Acropora abrotanoides is a species of acroporid coral found in Indo-Pacific waters from the Red Sea and the Gulf of Aden east to the East China Sea, Japan, the central Pacific Ocean and Australia. It is found in shallow coral reefs that are exposed to the action of strong waves, at depths up to 15 m. It is vulnerable to coral bleaching, disease and crown-of-thorns starfish. It is resistant to predation as it has well-developed radial corallite lips.

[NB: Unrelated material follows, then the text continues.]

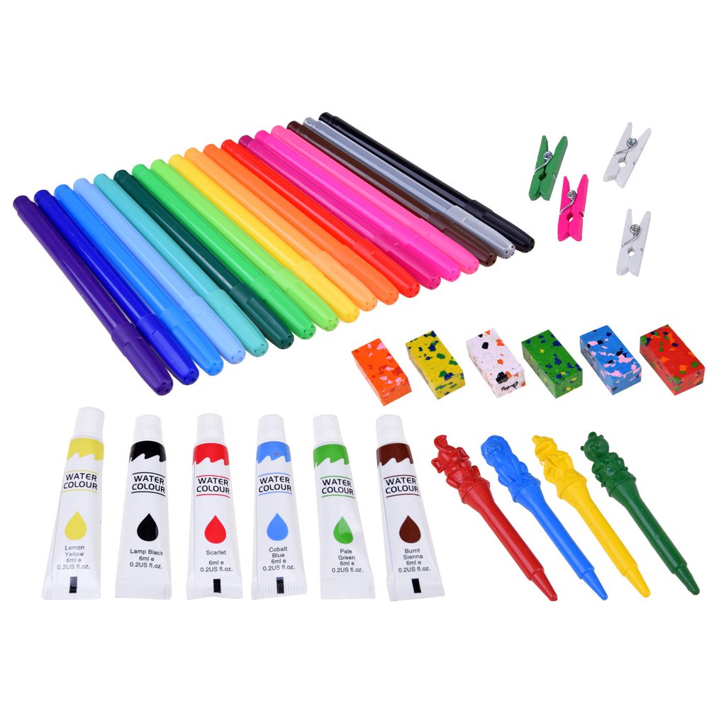 Rozvíjajte kreativitu svojho dieťaťa hravou formou s umelckým setom v drevenom kufríku! Táto rozsiahla sada 123 dielov obsahuje všetko potrebné na kreslenie, maľovanie a tvorivé experimentovanie. Každá aktivita podporuje jemnú motoriku, rozvíja predstavivosť a umožňuje deťom vyjadriť svoje emócie a sny prostredníctvom umenia.

==Taxonomy and systematics==
Acropora abrotanoides was first described by Lamarck in 1816 as Madrepora abrotanoides. Acropora irregularis was formerly considered as a separate species, but is now considered as synonymous with Acropora abrotanoides.

==Description==
It occurs in colonies of fused branches growing across the seabed (prostrate) with vertical outer branches with diameters of up to 3 m; these can be table-shaped. In the centre of a colony, the branches are fused together—these can be either elongated or conical, sometimes with ends tapering to a point. Its branches contain both axial and radial corallites; radial corallites have been observed as elongated and axial corallites occur in varying numbers and are rasp-like or tubular in shape. Radial corallites have evolved to have well-developed tips preventing predation. It is green-grey or pink-brown in colour and is similar to Acropora pinguis, and Acropora robusta.

==Distribution==
Acropora abrotanoides is found from the Gulf of Aden and the Red Sea, through the Indian Ocean to the Pacific Ocean and the East China Sea, Australia, and Japan. It also occurs in the south-eastern Atlantic Ocean.

==Threats==
It is classed as a least concern species on the IUCN Red List, but it is believed that its population is decreasing, and it is listed under Appendix II of CITES. Figures of its population are unknown, but is likely to be threatened by the global reduction of coral reefs, the increase of temperature causing coral bleaching, climate change, human activity, the crown-of-thorns starfish (Acanthaster planci) and disease.